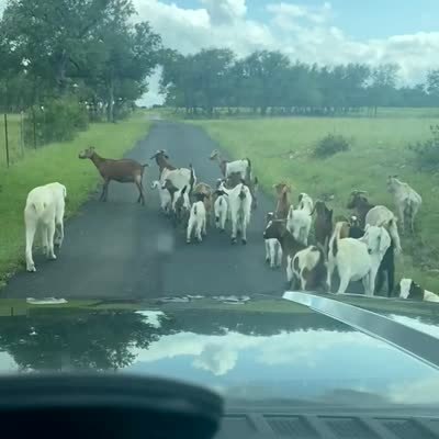 A man honks the horn of a car while a herd of goats block a street, then more goats walk into the road, but they all turn and walk into a field.
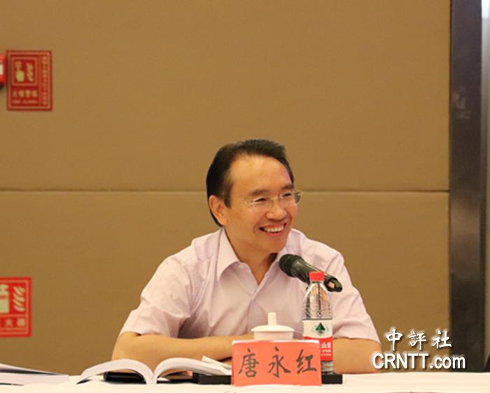 唐永红在会上对两岸融合发展的内涵、作用与路径进行了相关分析。(图片来源:香港中评社)
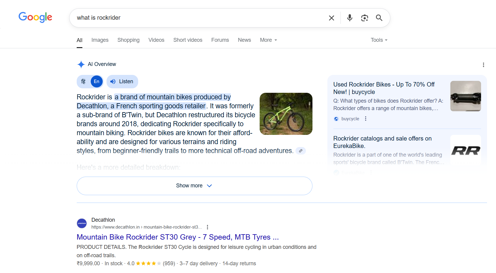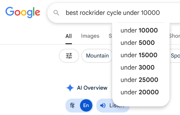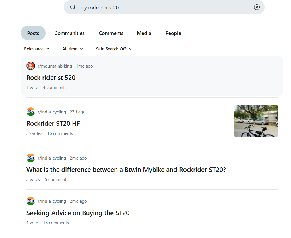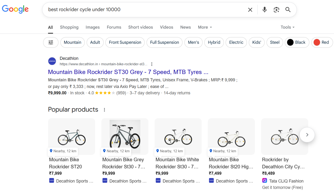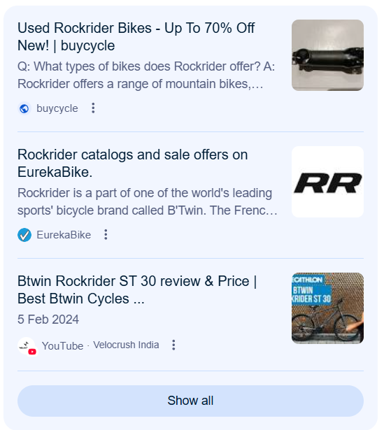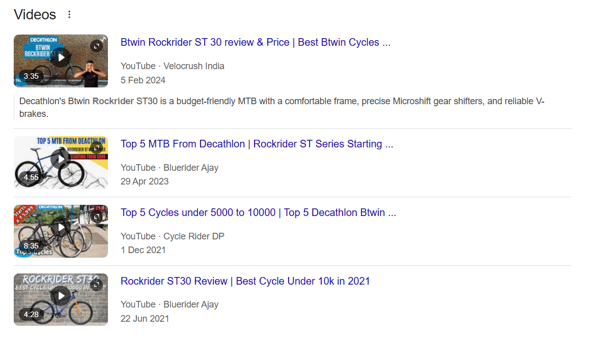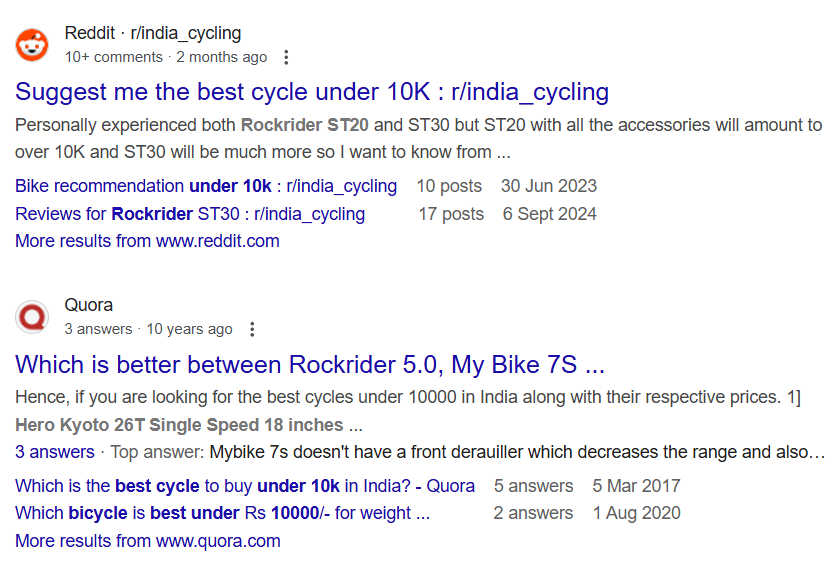 I’ll take my own example to make it more personal and practical. Around a couple of month back, I had a sudden urge to start cycling again as my 2 wheeler broke down and it wasn’t time for a new one just yet so the only possible option was to buy a cycle under my budget. Now I know what a cycle is so searching a basic query like “What is Cycle” doesn’t apply here but I one thing I always wanted to have is a geared cycle but again, that is something we can talk with each other to resolve the query but once when I was roaming in Decathlon, my eyes glimpsed over a kind of cycle which the brand produce and here is where the searchers journey mostly get started by. No one in my immediate circle had any idea about the cycle the brand produce but one thing I did got was the name which was “Rockrider” and here I had my search intent clearly laid out with the first category which is
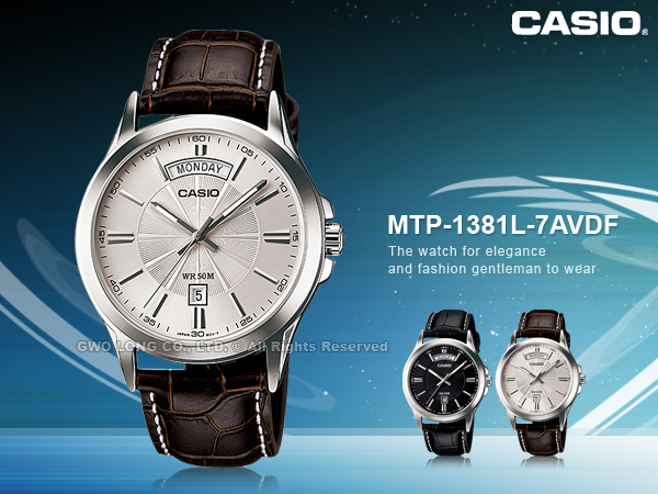 MTP-1381L-7A CASIO 簡約時尚男錶 皮革錶帶 米白 防水50米
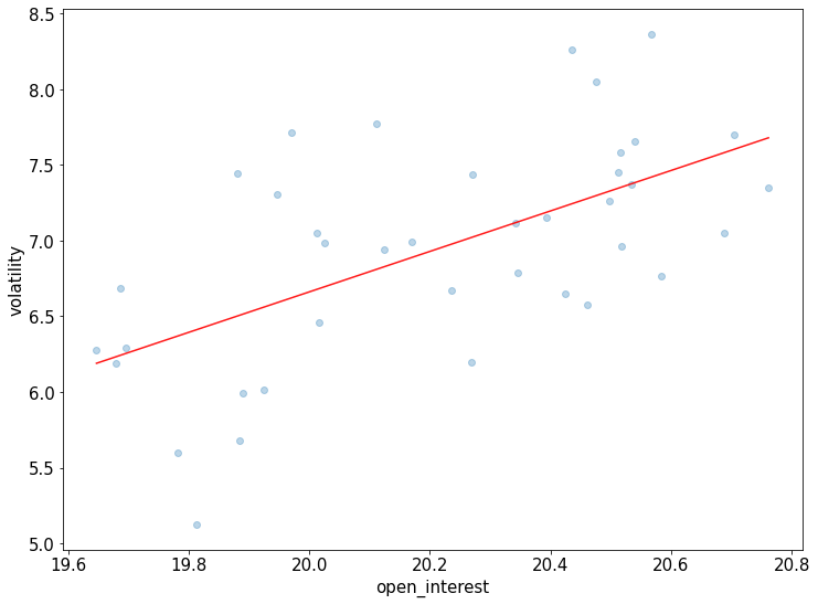 Açık pozisyonun (bağımsız değişken) ve volatilite (yanıt değişkeni) arasında pozitif bir korelasyon olduğunu tespit ettik. F-istatistiğinin (doğrusal model için) ve eğimin p-değerleri 0.001'den küçüktür. Modelin R-kare değeri 0.36 olarak tahmin edilmiştir ki bu, finansal ham veriler göz önüne alındığında makul derecede yüksektir.
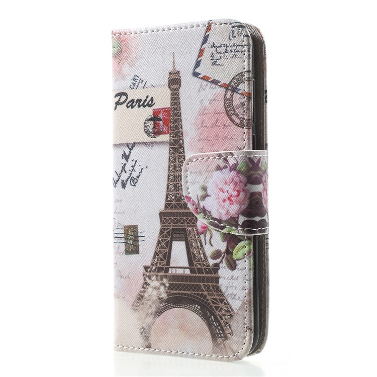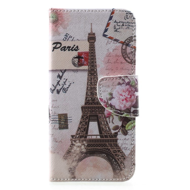 Pattern Printing Cross Texture Leather Wallet Shell Case for Huawei Y5 (2018) - Eiffel Tower

┄┄┄┄┄┄

> Problem details:
Within the listing above, find the line containing "Açık pozisyonun (bağımsız", then print it and every line after it exactly, leaving out pictures.

> Response below:
 Açık pozisyonun (bağımsız değişken) ve volatilite (yanıt değişkeni) arasında pozitif bir korelasyon olduğunu tespit ettik. F-istatistiğinin (doğrusal model için) ve eğimin p-değerleri 0.001'den küçüktür. Modelin R-kare değeri 0.36 olarak tahmin edilmiştir ki bu, finansal ham veriler göz önüne alındığında makul derecede yüksektir.
 Pattern Printing Cross Texture Leather Wallet Shell Case for Huawei Y5 (2018) - Eiffel Tower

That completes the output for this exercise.